══ INPUT DATA

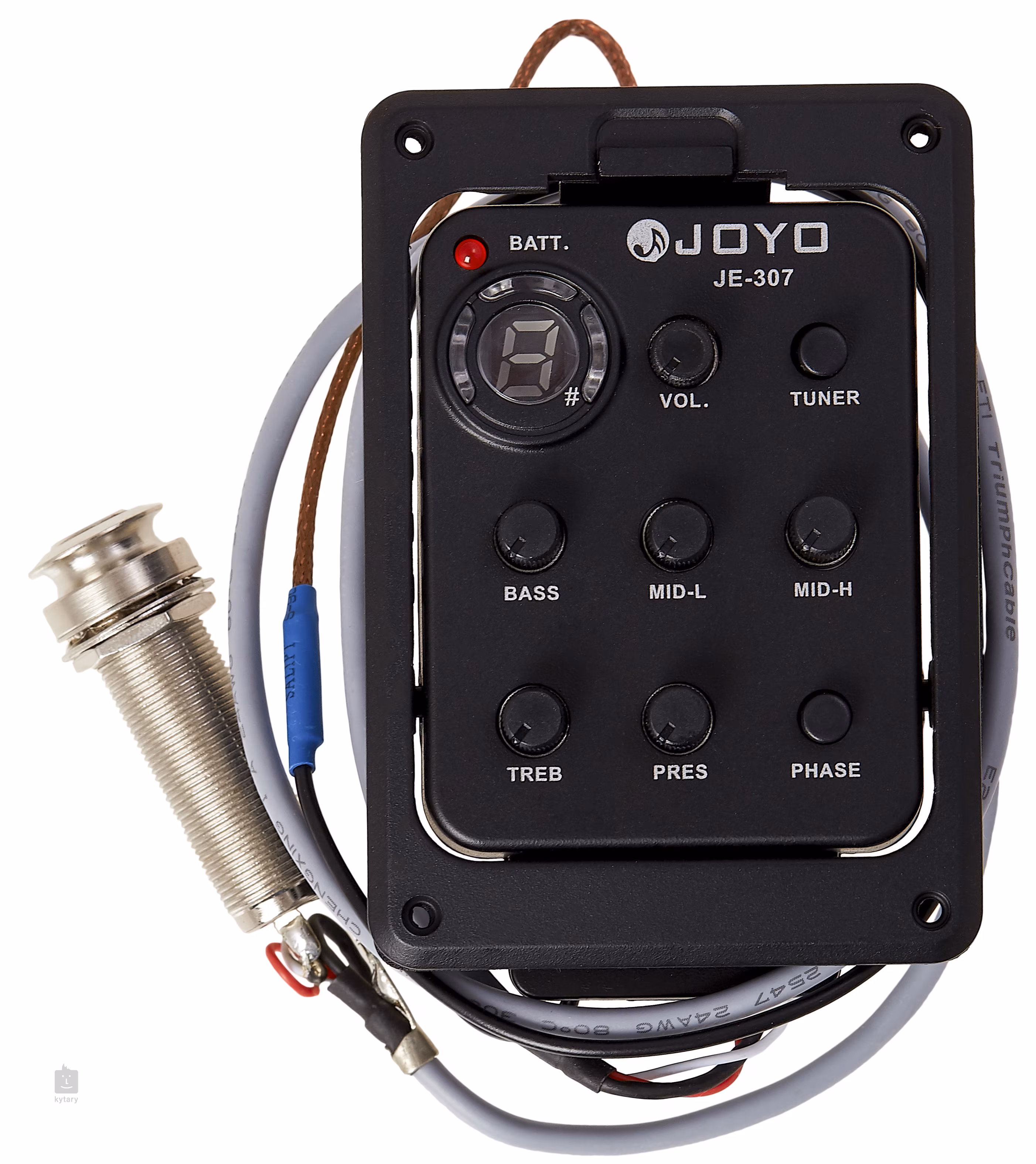 A Joyo JE-307 egy akusztikus gitárhoz alkalmas aktív elektronikai rendszer. A csomagban egy aktív előerősítő található, amelyet a hangszer hátuljába történő beépítésre terveztek, öt sávos equalizerrel, hangerőszabályzóval, fáziskapcsolóval, beépített hangolóval és egyértelmű kijelzővel, az előerősítő hátulján található elemtartóval (9V), piezo hangszedővel, kimeneti csatlakozóval és rögzítőcsavarokkal. Az előerősítő beszereléséhez 62 mm x 46 mm-es kivágás szükséges.
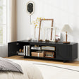 ● Ample Storage Space: This TV media console is the perfect storage solution with 2 open shelves and 2 side cabinets that swallow up your media mess. It can provide easy access to your media supplies while keeping messy sundries out of sight.
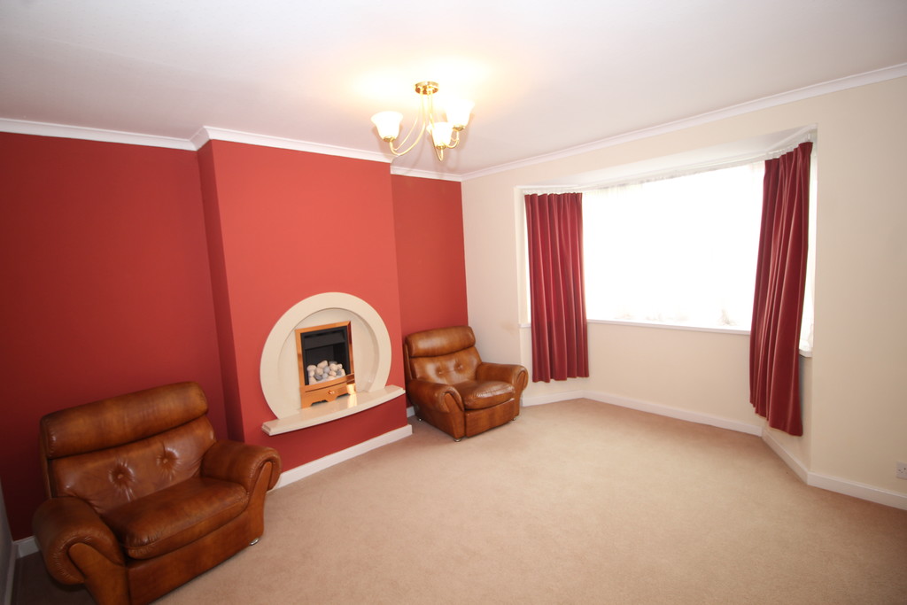 LOUNGE 14' 1" x 11' 11" (4.29m x 3.63m) A front facing room having inset living flame gas fire with back hearth and surround, double glazed bay window letting in plenty of natural light, central heating radiator, TV point and telephone point.
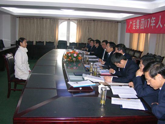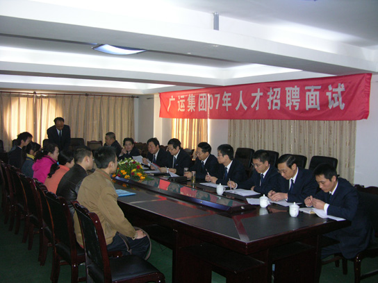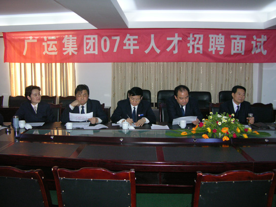 2007年11月24日廣運(yùn)集團(tuán)舉行07年人才招聘面試會(huì),集團(tuán)公司領(lǐng)導(dǎo)及相關(guān)部門負(fù)責(zé)人參加面試會(huì),共有26名大學(xué)生參加招聘面試。
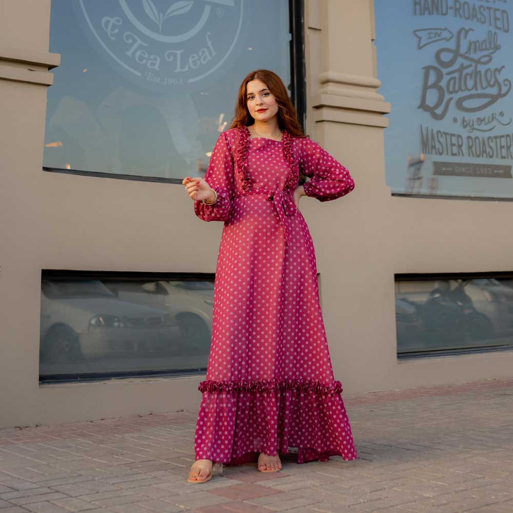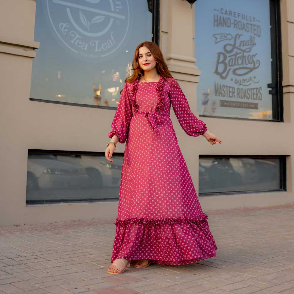 Embrace the alluring beauty of our delicately detailed Polka maxi dress. This enchanting piece celebrates the classic polka dot pattern, bringing a touch of vintage flair to modern-day fashion. Crafted from soft and flowing fabric, this lightweight dress ensures a delightful and breezy feel, making it a perfect fit for warm summer days and evening gatherings. Get ready to redefine chic with our sleek and structured beautiful sleeves.
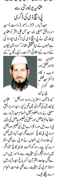 Published 14/01/2015 مولاناآزاد نیشنل اردو یونیورسٹی سے اردو میں پی۔ایچ۔ڈی محترمہ بدر سلطانہ کو پی۔ایچ۔ڈی ایوارڈ Share this:FacebookX
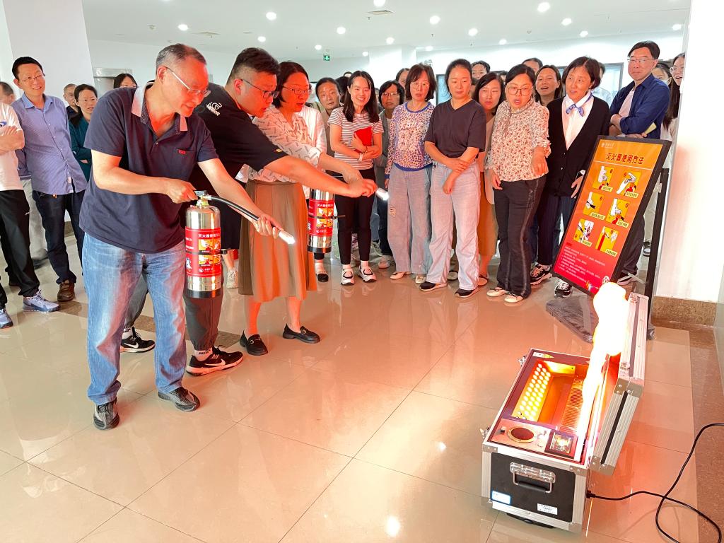 讲座结束后,全体参训人员在图书馆十楼大厅进行了实战模拟演练。王世强科长现场演示了灭火器的使用方法,全体参训人员积极响应,有序进行实操体验。
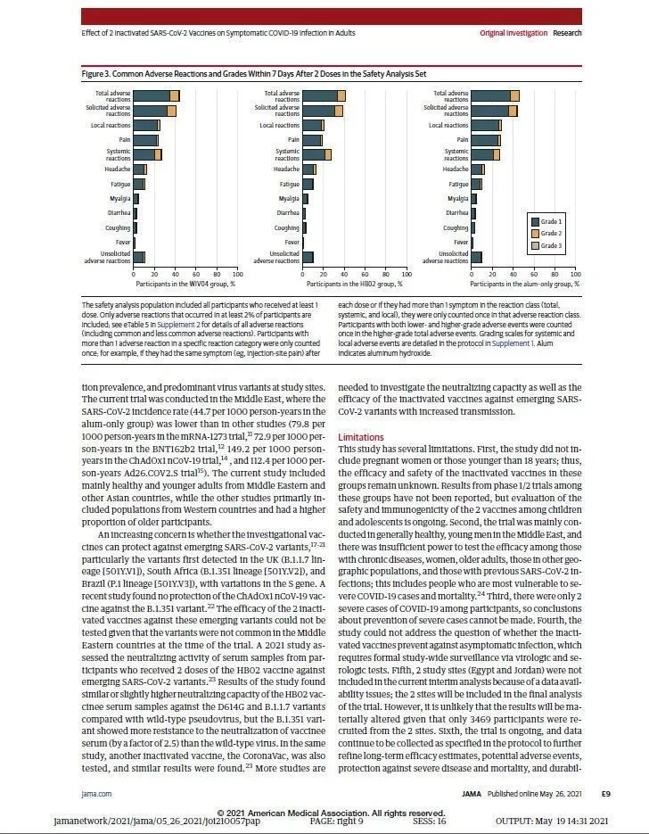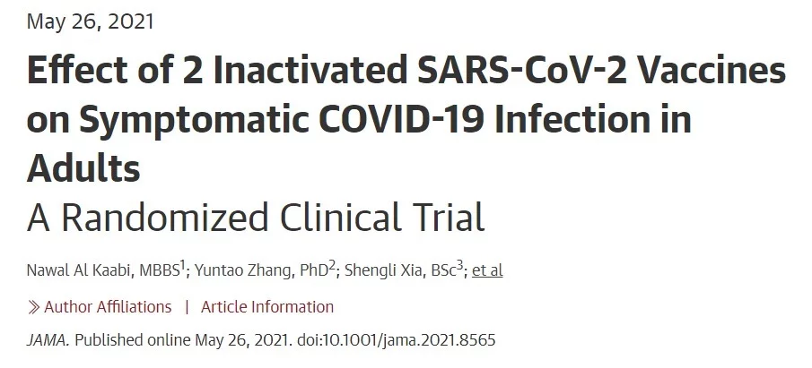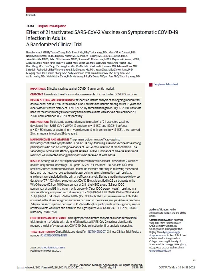 5月26日,国际医学期刊《美国医学会杂志》(The Journal of the American Medical Association, JAMA)刊登了国药集团中国生物发表的《两种新型冠状病毒灭活疫苗对成人COVID-19感染的保护效力评价》(“ Effect of 2 Inactivated SARS-CoV-2 Vaccines on Symptomatic COVID-19 Infection in Adults”)。报告依据中国生物新冠灭活疫苗Ⅲ期临床试验结果,总结分析了中国生物所属北京生物制品研究所(BIBP)、武汉生物制品研究所(WIBP)新冠灭活疫苗的有效性、安全性等Ⅲ期临床试验结果。

════

EXERCISE DETAILS: Each line from the beginning of the entries up to and including the one containing "out of sight." must be restated exactly. Pictures are to be left out.

ANSWER:
 A Joyo JE-307 egy akusztikus gitárhoz alkalmas aktív elektronikai rendszer. A csomagban egy aktív előerősítő található, amelyet a hangszer hátuljába történő beépítésre terveztek, öt sávos equalizerrel, hangerőszabályzóval, fáziskapcsolóval, beépített hangolóval és egyértelmű kijelzővel, az előerősítő hátulján található elemtartóval (9V), piezo hangszedővel, kimeneti csatlakozóval és rögzítőcsavarokkal. Az előerősítő beszereléséhez 62 mm x 46 mm-es kivágás szükséges.
 ● Ample Storage Space: This TV media console is the perfect storage solution with 2 open shelves and 2 side cabinets that swallow up your media mess. It can provide easy access to your media supplies while keeping messy sundries out of sight.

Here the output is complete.